Why do examples use equation for f?

Above we considered some non-linear function f and gave an equation for it.

It is important to note: If we have an equation for f, then we don't need supervised learning or any learning. Just represent f by equation.

Supervised learning from exemplars is for situations where we have an unknown f - we simply postulate that some mapping from our inputs to our outputs must exist.

So why do we often use an explicit f, both above and below?
To show how the algorithm will work.
With explicit f, we can see how the algorithm is doing.
Use explicit f to debug your algorithm. Then release it on unknown f.

Example unknown or postulated functions

There is a learnable Input-Output relationship of some sort, but not one that can be easily expressed as an equation.

Character recognition
- Input is multi-dimensional x representing a bitmap of hand-written character.
- Output is one of 10 values (0-9) or perhaps one of 62 values (a-z, A-Z, 0-9) or more.
- One of the things that makes this problem easier is the small number of possible outputs. We do not have to know exactly that some input is a "3". We only have to decide if it is more likely to be a "3" than an "8". We have to decide which of a small number of predefined categories it is most likely to go into.
- In the input, how would you represent n x n pixels?
- See how BMP format has a pixel array plus other data.
Mapping from Input "state" to Output "behaviour".
e.g. Input state = (wall at certain angle, velocity at certain value).
Output behaviour = one of (turn left, turn right, stop, keep going).
Pattern recognition of all forms. Computer vision with simple classification job ("Is robot about to hit wall or not?") or complex classification job (Face recognition).
Anything where explicit rules are hard to come by, but correct feedback is possible to construct. Medical diagnosis. Financial prediction. Robot actions.

Discontinuous function

One worry about unknown functions:
Some mappings of Input to Output - where there is only a disjoint, discrete mapping of certain inputs to certain outputs, and in no areas any continuous (or even approximation of continuous) mapping - do not lend themselves to learning, only memorisation.

e.g. Capitals:

Human:		The capital of Ireland is Dublin.
Machine:	OK.
Human:		The capital of France is Paris.
Machine:	OK.
Human: 		What is the capital of the UK 
		(the country between Ireland and France)?
Machine:	Emm, my guess is "Dublaris".
Human:		What is the capital of Iceland?
Machine:	Emm, "Dublin"?

There may be a function in that every argument has a unique value generated for it. But it is not continuous - no interpolation is possible.

See how Chat GPT makes up information about minor historical characters based on "nearby" major historical characters.

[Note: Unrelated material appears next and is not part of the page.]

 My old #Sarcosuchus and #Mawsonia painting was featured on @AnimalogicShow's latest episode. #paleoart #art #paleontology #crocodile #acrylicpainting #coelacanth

Do we know a priori if our function f is continuous? i.e. Is there anything to learn?

Have we listed all the inputs to construct a predictable function?

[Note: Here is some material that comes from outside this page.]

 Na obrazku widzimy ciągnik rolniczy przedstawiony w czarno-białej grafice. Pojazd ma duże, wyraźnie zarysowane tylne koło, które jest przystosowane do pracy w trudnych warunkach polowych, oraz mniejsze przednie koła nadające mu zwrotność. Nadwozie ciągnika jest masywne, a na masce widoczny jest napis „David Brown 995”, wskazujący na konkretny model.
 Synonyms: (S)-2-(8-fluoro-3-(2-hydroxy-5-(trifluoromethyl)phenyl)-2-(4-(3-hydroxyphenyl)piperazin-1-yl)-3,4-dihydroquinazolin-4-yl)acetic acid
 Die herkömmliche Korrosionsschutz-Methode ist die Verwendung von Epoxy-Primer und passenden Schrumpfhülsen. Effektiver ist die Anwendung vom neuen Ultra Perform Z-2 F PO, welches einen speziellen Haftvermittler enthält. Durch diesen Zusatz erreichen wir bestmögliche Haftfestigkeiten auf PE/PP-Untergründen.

Another worry about unknown functions:
f is a postulated function - a function that is assumed to exist, but whose properties are unknown (and possibly unknowable).
Imagine trying to predict horse races:

With jockey of weight 8 stone, our horse won the race.
With jockey of weight 8.5 stone, our horse lost the race.
With jockey of weight 9 stone, our horse won the race.

With jockey of weight 8.25 stone, will our horse win or lose?
With jockey of weight 8.75 stone, will our horse win or lose?

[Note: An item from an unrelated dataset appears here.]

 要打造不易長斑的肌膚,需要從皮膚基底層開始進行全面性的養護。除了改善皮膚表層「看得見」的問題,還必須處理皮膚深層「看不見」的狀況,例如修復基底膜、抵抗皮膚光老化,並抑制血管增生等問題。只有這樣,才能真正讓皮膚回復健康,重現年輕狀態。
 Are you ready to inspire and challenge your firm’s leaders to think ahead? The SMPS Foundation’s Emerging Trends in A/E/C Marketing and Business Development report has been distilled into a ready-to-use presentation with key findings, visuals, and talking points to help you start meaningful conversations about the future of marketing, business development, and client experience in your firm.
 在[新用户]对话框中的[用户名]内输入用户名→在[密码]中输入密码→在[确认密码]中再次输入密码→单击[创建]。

Are these the correct inputs? Are we missing some inputs? How do we know?

Probabilistic / Stochastic / Non-deterministic functions

Another worry with learning from exemplars.
Exemplars may appear to contradict each other:

If x=0, answer is 0.
If x=100, answer is 100.
If x=0, answer is 10.
If x=100, answer is 30.
If x=100, answer is 100.

May be caused by missing inputs.

Multi-dimensional functions

If input x is multi-dimensional, how do you build up this function f?
How do you represent f?

f could be a function of the series of inputs x1,x2,...,xn that led up to the current input xn, rather than just a function of the immediate input xn.